3. On a cellular level, epigenetic differences are the consequences of events that occurred during the developmental history of each type of cell that determined which genes are turned on, and how they act and interact. Thus, although their DNA sequences remain unchanged during development, cells nevertheless acquire information that they can pass on to their progeny. This information is transmitted through epigenetic inheritance systems (EISs). It is these systems that provide the second dimension of heredity and evolution (cf. Jablonka & Lamb 2005:113).
4. Here Jablonka and Lamb argue that the capacity to learn has indeed evolved genetically, but learning itself is now also recognised as an agent of evolutionary change (cf. Jablonka & Lamb 2005:155ff.). Therefore, cultural evolution in animals, and thus in humans, can be complex, gradual and cumulative, and involve several different aspects of behaviour (cf. Jablonka & Lamb 2005:180).

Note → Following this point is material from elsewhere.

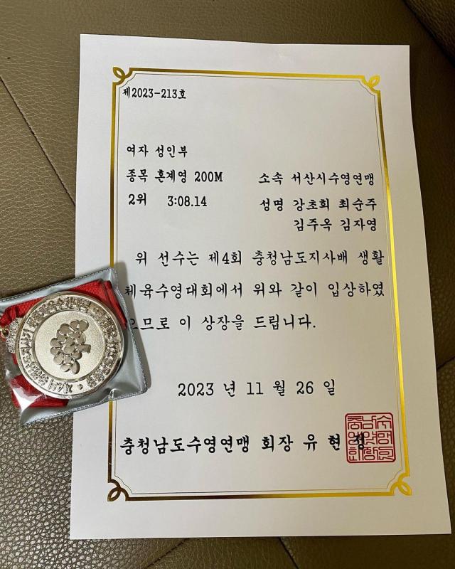 서산수영연맹 천안수영대회 충남도지사기대회 수영에진심 동호회 수영가족 종랍3위 혼계영 배평접자 수영에진심

5. This makes clear that the symbolic system, the peculiar human-specific way of thinking and communicating, may have exactly the same basic neural underpinnings as information transmission in other animals, but the nature of the communication (with the self and with others) is not the same (cf. Jablonka & Lamb 2005:194).
6. In this synergistic interaction between organisms and their environment, niche construction emerges as inherently a constructivist process in which biological, ecological and social/cultural spheres not only interact but also provide a model for human genetic and cultural evolution by incorporating three levels or dimensions: genetic processes, ontogenetic processes and cultural processes (cf. Fuentes 2009:14).